Agnes Helen was born October 19, 1915, to Harry Edwell Samuel and Frances Christina Litherland, dairy and small crop farmers living near Murwillumbah, north coast NSW. The family later moved to Cudgera, Cudgen, and then to Upper Burringbar, where Agnes Helen attended a convent school at Burringbar to sixth grade.  Agnes studied and loved the piano, an instrument bought as a gift by her father, and which she kept all her life until about two years ago, when she gave it to her niece.

Agnes met Charles Peter Haynes, whose family owned a banana plantation near Upper Burringbar. They married on October 10, 1938 in Lismore, NSW, and spent their honeymoon on a road trip through southern Queensland. The newlyweds made their home in Upper Burringbar until 1944, when they were called to work for the church, and commenced ministry in Brisbane. Their marriage was blessed with three children, Winifred Helen, born August 14, 1939, who sadly died in 1941 at the age of two; Elizabeth Jane Frances born December 21, 1942, and Harry Peter, born July 29, 1948.

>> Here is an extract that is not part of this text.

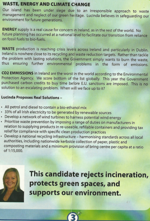 This candidate rejects incineration, protects our Green spaces and supports our environment. proclaims Lucinda.
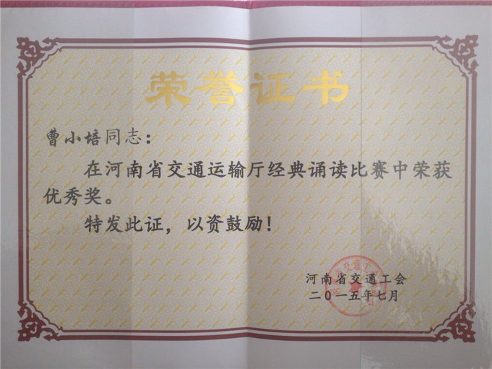 近期,在河南省交通運(yùn)輸廳舉辦的以“傳承文化,提升素質(zhì)”為主題的經(jīng)典誦讀比賽中,公路港倉儲單位職工曹小培參賽并榮獲優(yōu)秀獎。通過組織職工參與誦讀比賽,進(jìn)一步加深職工對民族精神和優(yōu)秀傳統(tǒng)文化的理解,體現(xiàn)了公路港積極培育和踐行社會主義核心價值觀的階段成果。

After six years of ministry in Brisbane, in 1950 Charles and Agnes were called to the work in Perth, followed three years later in 1953 to an appointment in Sydney. In 1962, they were transferred back to Brisbane, and lived at Clayfield, where they also celebrated their silver wedding anniversary in 1963. In 1964, the Haynes family moved to 8 Whitehaven Road, Northmead NSW. Together with her husband, Sister Haynes exhibited a deep sense of service and sacrifice toward others, often taking in and helping those that needed help. In particular, many migrants arriving in the 1950’s to the 1970’s were received and cared for by the Haynes’ until they were able to find their feet. Their caring friendship and guidance will always be gratefully remembered by many. Sister Haynes showed a keen interest in young people; she was able to touch their lives in a special way, providing encouragement and advice.

After the death of her husband in 1986, Sister Haynes continued to live at Northmead with her daughter Elizabeth until they decided to move to The Willows about two years ago. Sister Haynes was able to look after herself almost until the end. Within the last few months of her life, she first went into respite care at Guildford for a short period, and as she quickly grew weaker and could no longer care for herself, she went to the Adventist aged care home at Kings Langley. Unfortunately her heart, lungs and kidneys began to fail, and at nearly 97 years of age, on Thursday September 6, at about midday, she quietly fell asleep in Jesus, to await the voice of God, calling her “to everlasting life” (Daniel 12:2).

The life of Sister Haynes will live on in the memory of those who knew her as a quiet, cheerful spirit who served without fuss, yet impacted and inspired the lives of so many with her faithfulness, hope and courage.